As for the rest of the actors, Alan Cumming gives a nice comic book villain performance as Loki, even though he’s constantly being dressed in a variety of wacky disguises as he attempts to track down the mask baby. Of course this does raise a few questions, firstly is why? Nobody has seen him before and he has godly powers, so why put on a ridiculous outfit when visiting the various houses? He could surely just do whatever he wanted to? Secondly, a few films back on this list, we learnt that whenever a god leaves a mask on Earth he leaves a guardian to protect it (often with powers not normally associated with the animal they’re named after). So where was the Viking throwing babies from windows seeing if they’d bounce (the mask baby would) just like in Pumaman? Isn’t this the norm these days?

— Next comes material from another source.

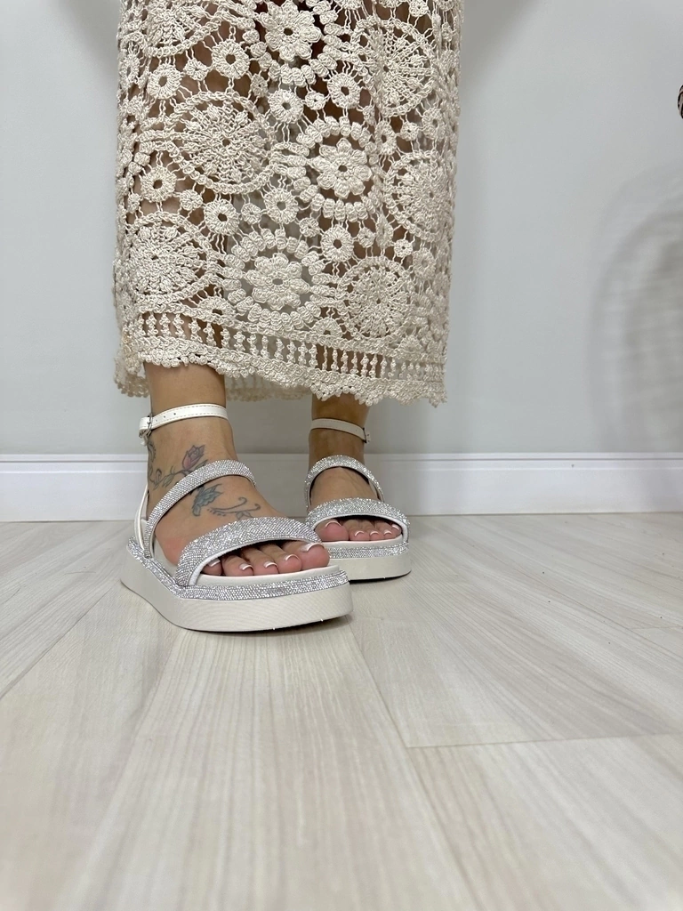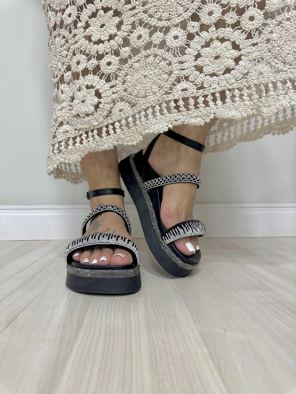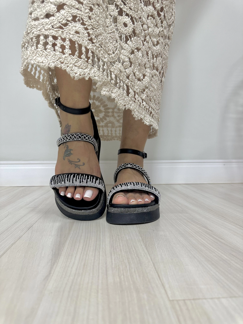 Com tiras delicadamente cravejadas e acabamento metalizado, ela traz o brilho certo para elevar qualquer produção — do dia a dia aos momentos especiais. ✨

Traylor Howard doesn’t really do much in the movie, and Stephen Wright (as Avery’s boss, Daniel Moss) is pretty forgettable. Bob Hoskins plays a small cameo role as Odin. Of course Hoskins is an actor who’s had previous experience acting in a movie alongside flat, lifeless characters, who nonetheless featured among their number someone that all the boys fancied even though they knew that they really shouldn’t. But the less said about his cameo in Spiceworld, the better…

The general look of the movie, from sets to costume actually has a really nice comic book feel to it. No matter how much you hate this movie, you can’t deny that it’s well designed at least. The worst part of the design for me was Kennedy’s version of The Mask. Whilst Carrey’s version was faithful to the original comic and looked impressive in it’s simplicity, Kennedy’s version is saddled with a oversized comedy chin and crappy plastic orange wig that looks like it’s from a live action Dragon Ball Z.
Honestly I can’t recommend you track it down and watch it, and would suggest that you watch the original instead (or the Looney Tunes classic One Froggy Evening which would basically save you nearly an hour and a half of you're life), but if you do find yourself watching this movie for some reason, then just take it for what it is. It may be pretty badly acted, and Jamie Kennedy may not be a patch on Jim Carrey, but it’ll probably be enough to keep the kids quiet on a rainy Sunday. Whilst this may not be a great movie, it’s the first comedy we’ve watched on this list that I’ve genuinely laughed at, and for that reason I don’t think it deserves to be this low down, if it deserves to be on the list at all.